Avere Systems, a company specializing in Demand-Driven Storage solutions, announced that investors have contributed an additional $17 million in funding bringing total investment in the company to $32 million and enabling it to expand production and distribution of its FXT Series appliances that accelerate the performance of network attached storage environments. Led by Tenaya Capital, the Series B funding round also includes original investors Menlo Ventures and Norwest Venture Partners.
The Avere FXT Series contains both solid-state storage and traditional spinning media. Reads, writes, and metadata are allocated to storage media via Avere’s approach to dynamic tiering. Allocation algorithms running on the FXT appliances monitor access frequency patterns and workload type and manage data placement on multiple internal tiers to help increase performance, distribute workload in the cluster and minimize requests to the mass storage server.

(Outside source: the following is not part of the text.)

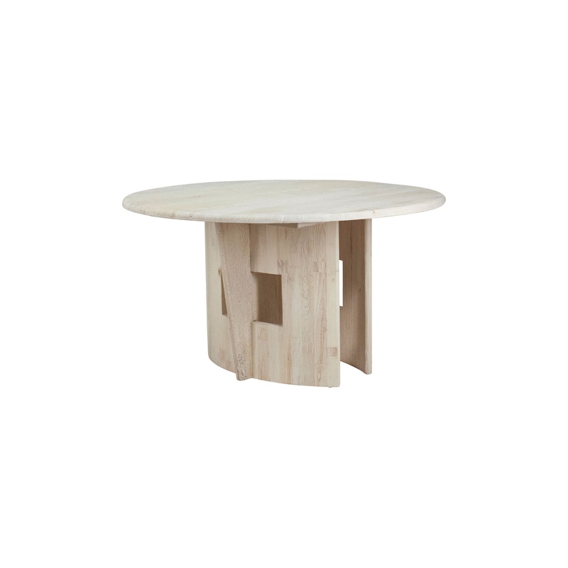 Made from reclaimed elm wood, the Payton Dining Table features a soft, beveled edge top that is finished in a natural whitewash tone that highlights the wood's grain patterns and knots. Completed by a unique and fun geometric designed pedestal base that pr

Each FXT Series hardware platform contains DRAM and NVRAM to accelerate the performance of active data. The most active data is stored in the 64GB bank of DRAM within each FXT appliance. Write performance is accelerated and protected by 1GB of NVRAM provided per appliance. Each appliance also contains 8 15k SAS HDDs or 8 SLC Flash SSDs to support large application working sets. The FXT Series is offered in three models, FXT 2300, FXT 2500, and FXT 2700, each available with 2 10GbE and 2 1GbE or 10 1GbE networking ports.

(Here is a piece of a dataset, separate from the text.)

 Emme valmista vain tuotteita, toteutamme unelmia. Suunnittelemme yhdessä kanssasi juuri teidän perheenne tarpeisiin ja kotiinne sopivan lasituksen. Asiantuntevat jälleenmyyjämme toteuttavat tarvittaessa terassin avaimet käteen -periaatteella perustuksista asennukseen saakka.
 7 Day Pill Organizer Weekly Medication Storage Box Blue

Movement of data occurs in real-time, and occurs at the file-level or block-level within a file. All of it is done automatically by the system. In the past few months, Avere has closed deals with companies like Sony Pictures Imageworks and GX Technology. In July, the company joined the VMware Technology Alliance Partner (TAP) program. The VMware TAP program helps technology vendors integrate their products with VMware virtualization software and deliver timely, joint solutions to mutual customers.

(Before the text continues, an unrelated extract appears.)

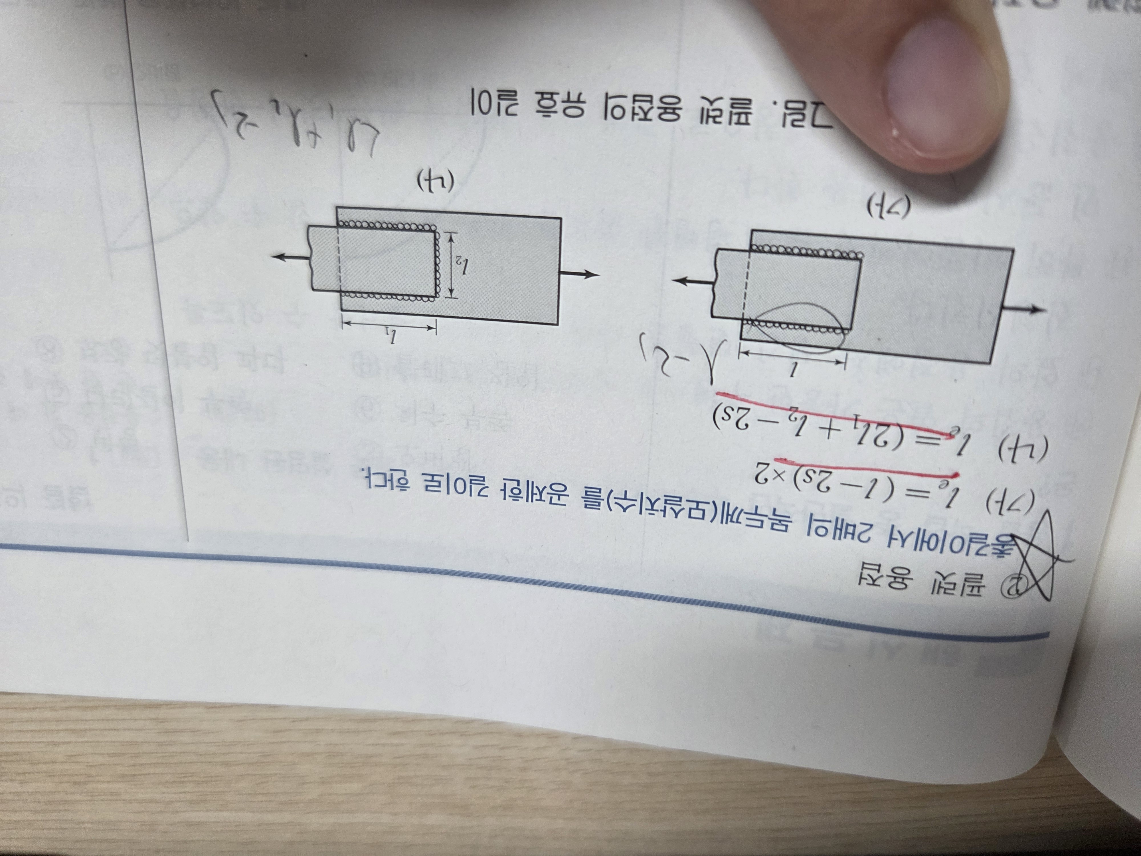 총길이에서 2배의 목두께를 공제한다면 (가)는 2l-2s가 맞지 않나요?

Brian Paul, managing director of Tenaya Capital, is joining the Avere Systems board. “Avere has proven to be a company that simply cannot be ignored. We have been watching Avere closely since they entered the market and we are very excited about their disruptive technology and the value they bring to customers,” Paul said. “I look forward to joining the company’s Board of Directors and helping Avere to continue to deliver superior business results.”
Ron Bianchini, co-founder and CEO of Avere, said while the company was not actively looking for additional funding in the company, they jumped at the opportunity to bring on a partner like Tenaya Capital. “We’re very pleased that we can continue to expand our efforts to introduce dynamic tiering to enterprise storage customers,” he said.